The final, critical decision was made against medical advice: Esther and Dan’s resolution to stop treatment and let Andrew die. Had they permitted more chemotherapy, the treatment would have killed Wills’s cells, which were what ultimately enabled Andrew to live.
“When you have a child with a life-threatening illness, you have an irrevocably altered existence,” Barbara Sourkes had told the Levys, and Esther feels that is true. She had always felt in control of her fate, but now she believes this to be a fiction. She finds it difficult to reconcile bitterness over the blight of Andrew’s illness with gratitude for the reprieve. “We are the luckiest of the unluckiest people in the world,” she says. “I truly believe that.” The story presents itself to her as a riddle that cannot be resolved. She recalls her anger when others told them to hope. Is the lesson that their friends were right and there is always hope? Yet it was only by letting go of hope and accepting Andrew’s death that he lived.
She has not returned to work. “My full-time job is to help the kids feel safe again,” she says. But it is hard for her to feel safe. The two years after a transplant are the riskiest time for a relapse; after two years that likelihood plummets, and after five years, a patient is considered cured. The two-year mark is still nine months away.

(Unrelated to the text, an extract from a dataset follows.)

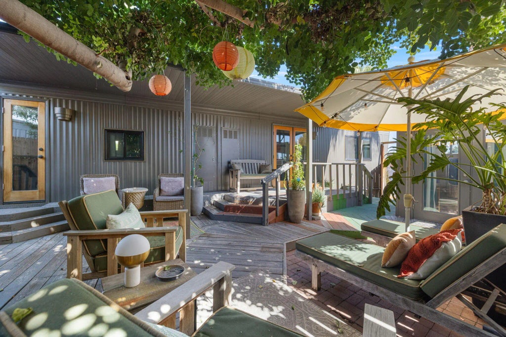 This beautifully renovated 1-bedroom, 1-bath home in the desirable 55+ Ramon Mobile Park is move-in ready and full of charm. Updates include bamboo and tile flooring, fresh paint, a remodeled bathroom, appliances, and French doors that open to a spacious outdoor retreat. The detached studio, currently used as a laundry room, can easily serve as an art studio, workshop, or hobby space. Enjoy a large deck and patio surrounded by mature trees, creating a private oasis perfect for relaxing or entertaining. Fully fenced and gated with great curb appeal, this home is in a prime South Palm Springs location, just minutes from shopping, dining, entertainment, and downtown. Space rent is $886/month. Water, trash, and sewer is a flat fee of $20.50. Metered gas and electricity averaged about $300/month, keeping living expenses very low! The community also offers a heated pool, spa, gym, and clubhouse.

“There are only two states after such a diagnosis: disease and uncertainty,” Cohen had told them. “Either he will die soon, and that’s certain — or he will continue on, and you will live with that constant balance of hope and fear. But the balance will change as time goes on.”
Only in the past few weeks, Esther says, has she been able to feel that she isn’t testing fate by scheduling a dentist appointment for Andrew six months out or by feeling moments of joy watching him without being shadowed by fear of the future. “Day by day,” she says, “we are allowing ourselves to celebrate a little more.”